なお、私の手持ちで、ベーレンライターの新版に基づくとされるのが、 ジンマンの1998年録音と飯守の2001年録音。

ジンマンは、ガーディナー同様、かなり速いテンポを設定している。
   マーチ132、フーガ138、合唱134

飯守の方は、従来より比較的速いが、これも倍速まではいっていない。
   マーチは意外に速く140、フーガも140、合唱も134で、意外にも聴感より速かった。

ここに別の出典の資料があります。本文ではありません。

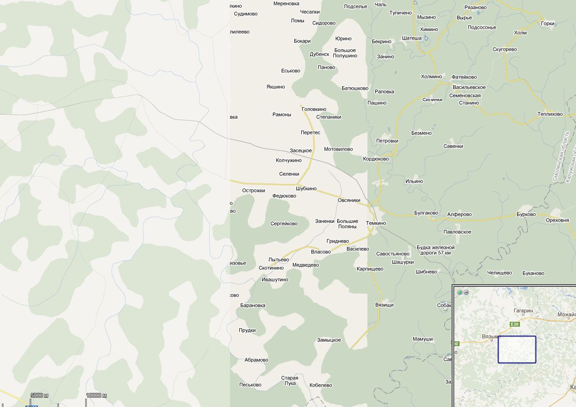 И так - по всему региону. Я уж молчу про тысячи мелких поселков\деревенек, которые раньше были отмечены хотя бы точкой с названием (в старых версиях того же гибрида) - а сейчас на этом месте просто чистый квадрат, хотя на спутнике-то вполне себе виден населенный пункт.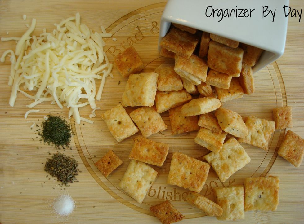 In your mixer combine the cheese, butter and shortening on medium. Add in the flour, salt, basil, dill and garlic powder and reduce the speed to low. Mix until it becomes a crumb like consistency. Add in...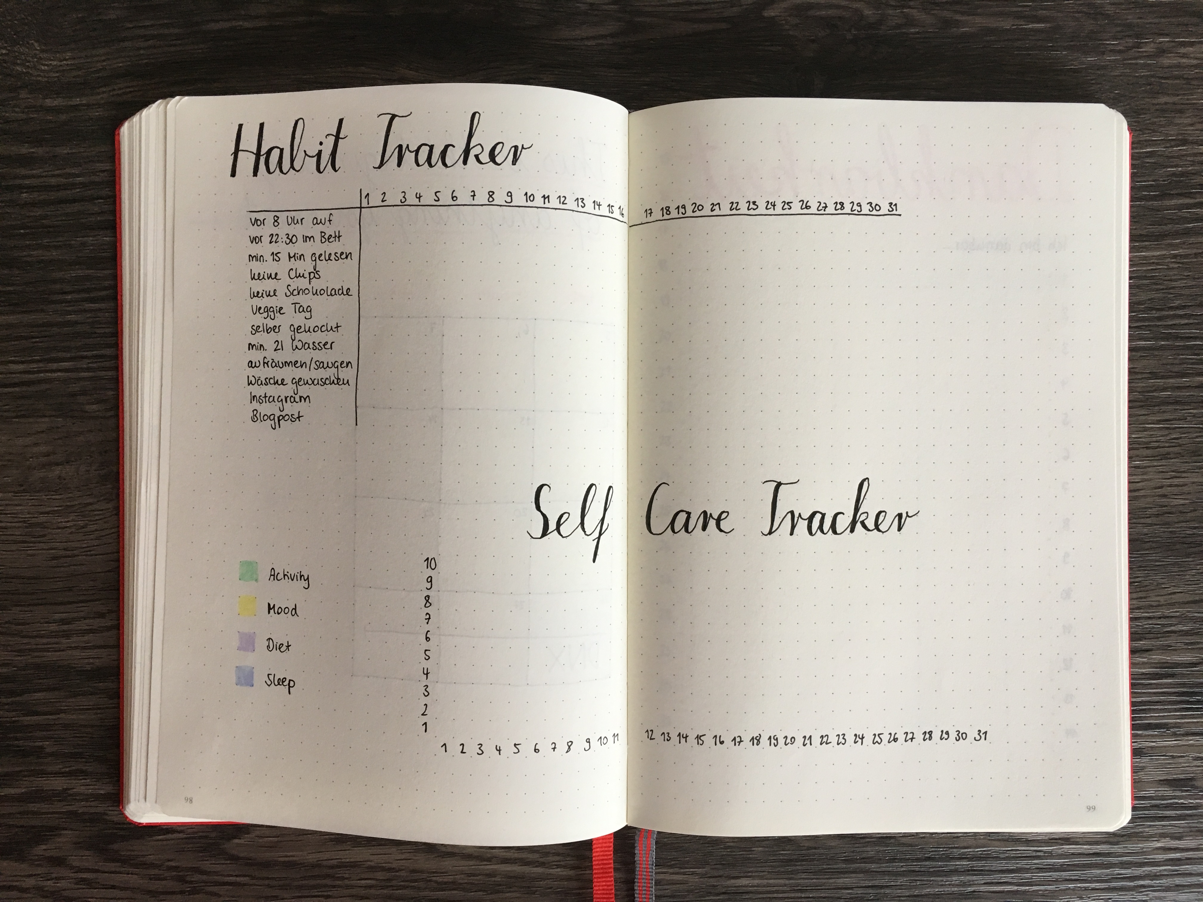Auf der gleichen Doppelseite habe ich dann auch immer meinen Self Care Tracker. Wie dieser funktioniert, hat Theresa hier erklärt :)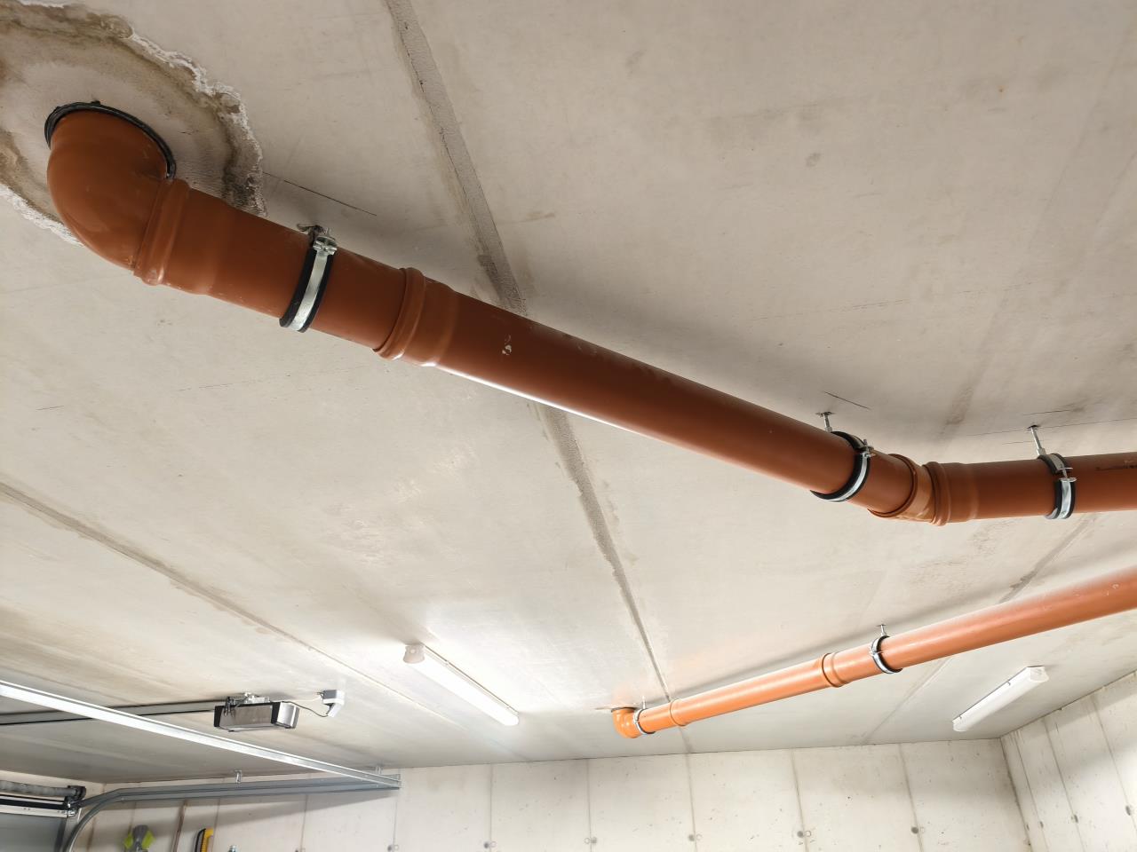Wäre es Kondensat, müsste es an allen Rohren auftreten. Für Kondensat erscheint mir das Schadensbild zu ausgeprägt.   Um festzustellen, ob wo es undicht ist, könnte man die roten Rohre entfernen und bei Niederschlag prüfen, ob das Wasser aus dem Stutzen läuft oder auch zwischen Beton und Stutzen. Im letzten Fall wäre es ein Hinweis auf eine Undichtigkeit.  |

○また、ラトル/VPOの録音は2002年で、ベーレンライター新版に準拠しているはずだが、Alla Marcia以下は、伝統的な対応。
  マーチ120、フーガ136、合唱134

○面白いのが、ピリオドアプローチ派の初期に活躍したホグウッドの指揮による演奏。本当に停まりそうなくらい遅いテンポでマーチを演奏している。1拍=60位だろうか? 1拍(付点4分音符)=92程度だった。84よりも速いのだが、聴感上、これでは遅すぎるのだ。いかに付点4分音符=84が遅いかがこれでよく分かる。続くフーガの部分もこのテンポ(M.M.=98)で押し通し、その後に続くこの楽章のクライマックスの一つである全体合唱での「歓喜のテーマ」も同じ遅いテンポ(M.M.=98)で一貫しているので、さらにユニークさが際立っている。
   マーチ92、フーガ98、合唱98

○伝統的な演奏では、トスカニーニ/NBC響(1952年)はどうかと思ったが、iTunesになぜか取り込めないでいるので、CDプレーヤーで聴いてみた。演奏自体は引き締まった速めのテンポ設定で、音楽に前進するダイナミックな力感が溢れていて、改めて大変感心した。ただ、Alla Marciaは、遅すぎはしないが普通の行進曲の歩行の速さの(Allegro assai vivaceではない)テンポが取られていた。マーチからフーガへの切り替えでは、アッチェレランドせずに、フーガに入るとテンポが突然上がるように演奏されていたのがユニークだった。
  マーチ121-129、フーガ136-145、合唱137-141

メンゲルベルク/ACO (1940年録音)
 マーチ121-126、フーガ132-140、合唱136-140。 

フルトヴェングラー/バイロイト祝祭管 (1951年録音)
 マーチ130-134、フーガ140-144、合唱131-138。 

ワルター/コロンビア響(1959年)
 マーチ107-114、フーガ118-125、合唱110-115

シュミット=イッセルシュテット/VPO (1965)
    マーチ120、フーガ126、合唱111。 

参考サイト:横浜フィルホルン奏者の方の「田園」の記事が面白かった。